CloudPlatform works very much in the same way, users can remap zone level
static public IPs and utilize NAT with any instance from their account. Static
IPs recovered from destroyed VMs can be re-mapped to other VM instances
programmatically without service interruption.
Portable IPs in CloudPlatform are elastic IPs that can be transferred across
geographically separated zones. Cloud Administrators can provision a pool of
portable IPs that are available across regions or transfer them from one network
to another. Portable IPs and availability zones can provide cloud-native application
workloads with elasticity and fail-over application availability.

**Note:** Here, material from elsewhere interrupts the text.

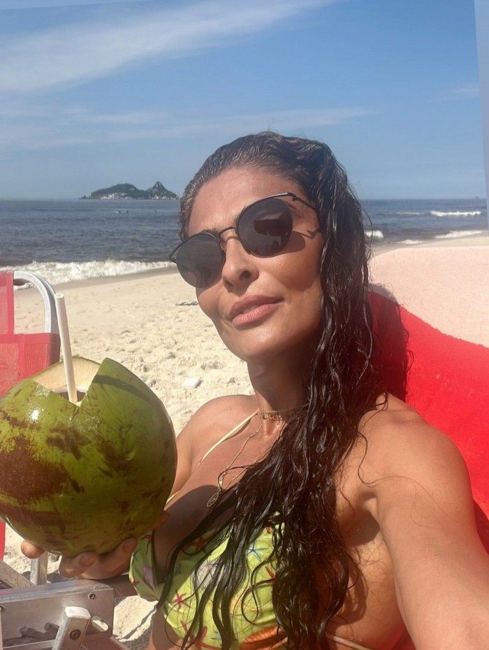 Sol e mar! Juliana Paes toma água de coco e mostra barriga chapada em praia

Trusted to run the world’s most demanding cloud-native
application workloads
With over 200+ clouds in production, CloudPlatform is the trusted cloud
management platform to orchestrate the world’s most demanding workloads.
Leading enterprises and higher education institutions like Disney, Autodesk, Nokia,
Amdocs, University of Sao Paulo and Royal Melbourne Institute of Technology
to web-centric companies like Edmunds.com, Spotify, and Overstock.com.
Customers as diverse as these choose CloudPlatform because it is the only
application-centric orchestration solution designed for any workload.
Only CloudPlatform is proven to reliably orchestrate both existing scale-up
workloads and cloud-native application, scale-out workloads. Organizations can
implement a single cloud architecture providing the optimal infrastructure to meet
the requirements and characteristics for each type of workloads.